Ein letztes Thema: Es gibt auch Entwicklungen im Verlaufe der Bahnbauten. Ich sage Ihnen das als Zuger: Wir sind davon ausgegangen, dass beim Zimmerberg der Güterverkehr durchgeht. Ich bin nicht so sicher, ob die Zuger und die Innerschweizer so glücklich wären, wenn der Zimmerbergtunnel gebaut würde und dann der Güterverkehr aus der Ostschweiz, der grossen Lärm verursacht, durch unsere Dörfer und durch die Riviera des Kantons Zug, sprich Zug-Walchwil, führen würde.

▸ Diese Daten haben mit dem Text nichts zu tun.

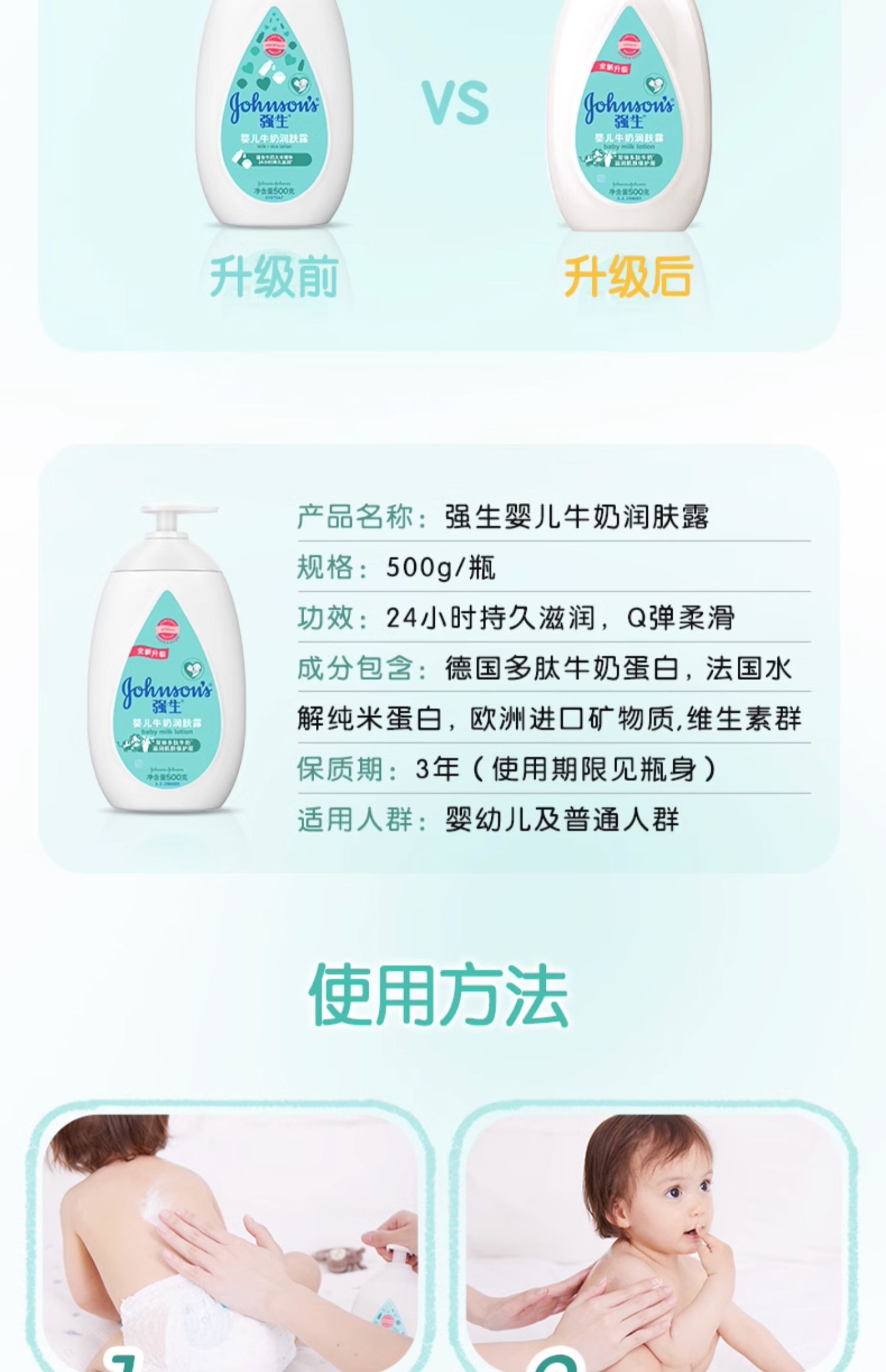 商品名称:强生婴儿牛奶身体乳润肤乳宝宝清爽保湿润肤露男女儿童滋润霜成人

Unterdessen hat man aufgrund neuer Planung beschlossen, dass der gesamte Güterverkehr vom Limmattal über Othmarsingen ins Freiamt geführt wird. Damit ist unser Kanton jetzt weitgehend frei vom Güterverkehr. Wir haben zwar den Zimmerbergtunnel nicht, aber wir haben dafür auch den Bahnlärm nicht; ich glaube, das muss man auch in Betracht ziehen. Wenn es Projektänderungen gibt, wie das jetzt beim Zimmerbergtunnel der Fall ist, dann muss man vielleicht auch zu akzeptieren bereit sein, dass der Zimmerbergtunnel noch etwas warten muss und wir dafür den Güterverkehr nicht haben. In dem Sinne möchte ich die Gotthardkantone zu einer gewissen Zurückhaltung ermuntern. Wir können im Moment nicht alles bauen, weil wir es nicht finanzieren können.

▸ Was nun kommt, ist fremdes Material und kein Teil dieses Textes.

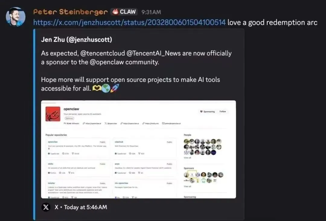 3天反转!腾讯从被OpenClaw创始人怒怼,到正式赞助OpenClaw获赞,终了还是“王总好”最近科技圈最戏剧性的事件,莫过于腾讯与OpenClaw的“爱恨纠葛”——从开源创始人公开炮轰“照搬不支持”,到3天内握手言和、成为官方赞助商,这场反转不仅平息了一场开源争议,更意外揭开了腾讯当前AI战略的核心逻辑。今天我们就来完整梳理这场风波,拆解事件背后的细节,更聊聊这件事折射出的腾讯现状。先理清来龙去脉:一场“误会”引发的3天反转大戏要读懂这场风波,首先得知道OpenClaw是什么——它还有个可爱的昵称“小龙虾”,是2026年初爆火的开源AI智能体框架,由奥地利开发者Peter Steinberger主导,能自主操作电脑、浏览器、文件和脚本,堪称“AI打工人”,开源后GitHub星标迅速突破30万,成为现象级项目。腾讯与它的交集,从一次“本土化镜像”开始,一步步走向争议与和解。Day1:风波起点——腾讯上线SkillHub,埋下争议种子3月11日,腾讯云与腾讯AI联合推出AI技能社区SkillHub,定位是OpenClaw的中国本土化镜像站,宣称能提供1.3万+OpenClaw技能,还有高速下载、中文搜索等本土化服务,页面也明确标注“技能数据来源于ClawHub(OpenClaw官方技能库)”。从规则上看,这是一次常规的开源镜像操作,目的是解决中国用户访问海外源站卡顿、下载缓慢的问题,但腾讯忽略了一个关键——没有提前与OpenClaw官方沟通。Day2:矛盾爆发——创始人公开怒怼,指责腾讯“只拿不养”3月12日,OpenClaw创始人Peter Steinberger在X平台(原Twitter)发文,直接炮轰腾讯。他表示,腾讯未经沟通就全量抓取ClawHub的数据,导致OpenClaw的服务器成本飙升至五位数美元,还直言“他们照搬,却没有以任何形式支持项目”。这番指责迅速在开源圈发酵——开源不等于“免费搬运”,社区最看重的是尊重、沟通和实质性回馈,Peter的愤怒,本质上是觉得腾讯“享受了开源红利,却没有回馈社区”。此时的腾讯,陷入了“合规但不合情”的舆论困境。Day2-Day4:腾讯快速回应,用行动化解争议面对指责,腾讯没有陷入“抄没抄”的口水战,而是用数据和行动快速破局,回应要点很明确,也很有说服力:1. 定性合规:SkillHub是合法镜像站,全程标注来源,并非抄袭,完全符合OpenClaw的MIT开源协议;2. 数据证清白:SkillHub上线首周,为用户分发了180GB流量(对应87万次下载),但从OpenClaw官方源仅拉取了约1GB数据——也就是说,腾讯不仅没增加官方服务器负担,反而分担了99%以上的中国区流量压力;3. 亮出诚意:腾讯多名工程师早已是OpenClaw的活跃代码贡献者,并非“只拿不用”;同时主动提议,愿意成为OpenClaw官方赞助商,提供资金和云资源支持。Day5:反转落地——正式成为赞助商,创始人直言“救赎剧情”3月15日,这场风波迎来戏剧性结局:Peter Steinberger在X平台转发官宣消息,确认“腾讯云与腾讯AI正式成为OpenClaw项目的官方赞助商”,GitHub Sponsors页面也同步更新,腾讯(轻量云)与OpenAI、百度并列出现。Peter还俏皮地配文“Love a good redemption arc”(就爱看这种救赎剧情),彻底放下芥蒂。至此,一场开源争议,变成了一次双赢的合作。事件之外:透过这场合作,看腾讯很多人把这场反转看作腾讯的一次“危机公关胜利”,但其实,这背后是腾讯当前发展状态的真实缩影——不再追求“闷声发大财”,而是以更开放、更务实的姿态,深耕AI生态,补齐自身短板,巩固核心优势。从被怒怼到成为赞助商,这3天的反转,与其说是腾讯的“救赎”,不如说是它转型的一个缩影。如今的腾讯,早已不是那个只靠社交和游戏的互联网巨头:它在AI领域持续加码,2024年研发投入达706.9亿元,累计投入超3400亿元,专利数量超4.5万件;当然,腾讯也面临着挑战:微信超级智能体的技术成熟度、生态合作方的利益平衡、AI安全的持续防控,都是它需要解决的问题。但不可否认的是,这场与OpenClaw的合作,让我们看到了一个更开放、更务实、更有野心的腾讯。你怎么看腾讯赞助OpenClaw?你期待微信超级AI智能体的落地吗?欢迎在评论区留言讨论~关注我,带你看透科技圈热点背后的商业逻辑✨

Ich bin überzeugt, dass das Projekt, das der Bundesrat und damit auch der Ständerat aufgegleist hat, die saubere Linie ist; wir geben nicht irgendwelche Versprechen ab mit Bezug [PAGE 49] auf Artikel 10, von denen wir schon heute wissen, dass wir sie dereinst nicht einlösen können.
In dem Sinne darf ich Sie bitten, dem Antrag unserer Kommission zu folgen.